Third, I argued that this incompleteness allows the norm to become a site of political and ideological confrontation for states, thus undermining its efficacy even as it appears widely supported and complied with. The ongoing debate makes it easier for actors to argue compliance and thus reap the associated benefits while promoting a version of the norm that most aligns with their interests. In the case of HIV, most states repeatedly state that they support the response as responsible international actors, but they fight increasingly visibly about who should be included in international funding and why. With the rise of a global conservative movement using the United Nations as a terrain for ideological fights, the global response to HIV/AIDS has become a battleground for competing ideational and foreign policy projects that in turn perpetuate the debate.
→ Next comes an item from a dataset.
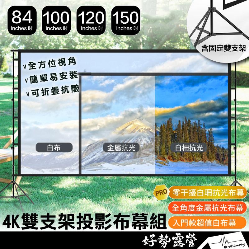 4K雙支架投影布幕組【好勢露營】超大戶外電影院 金屬抗光白柵抗光布幕三角落地式移動幕布戶外電影院 投影幕100吋120吋

The fact that an incomplete norm is easier to politicize and instrumentalize makes them particularly vulnerable at a time of international fragmentation. I believe that other international norms fall within that category besides the AIDS response norm, and that this gives us a key indication as to what the global governance landscape is likely to look like in the coming years. Rather than discarding norms altogether as belonging to the previous order, states will appropriate them as foreign policy tools and therefore weaken their reach and bend their intended purposes.
I conducted 8 months of archival research and elite interviews with 68 activists, diplomats, and policy makers in France, the US, and Russia to build three country case studies outlining how these dynamics played out. It allowed me to show that each of these states have leveraged the incompleteness of the norm to use it as a foreign policy tool in their own distinct way.
My post-doctoral work builds on these theoretical insights to make sense of the current state of the response. Amid massive shifts in international funding and intensifying global culture wars, the topic is more salient than ever. I aim to accomplish two goals in the near future: chart the probably course of the global response going forward, and trace the growing role of African states in shaping it.
This allows me to draw from my second area of expertise, which I have continued to develop throughout my time at McGill. Most recently, I have been working on a 3-year research project with Prof. Daniel Douek on the impacts of the assassination of political leaders at independence on the trajectory of post-colonial states. I have mainly been responsible for archival research in 12 sites across the UK, France, and Switzerland, as well as managing the undergrad research team. I aim to draw on these findings to publish pieces that will complement the monograph to be published by Prof. Douek based on our work.
My research is rooted in my experience working in health financing at the Global Fund to Fight AIDS, Tuberculosis and Malaria. I aim for my findings to support evidence-based health policies that are most responsive to the needs of vulnerable populations, especially in the current environment of decreased funding worldwide.
My approach to African politics is shaped by a decolonial perspective and an awareness of the pitfalls of my own positionality as a Western researcher. I nevertheless hope to contribute to raising the profile of the continent in international relations and shading light on colonial practices that still have a deep impact on contemporary governance.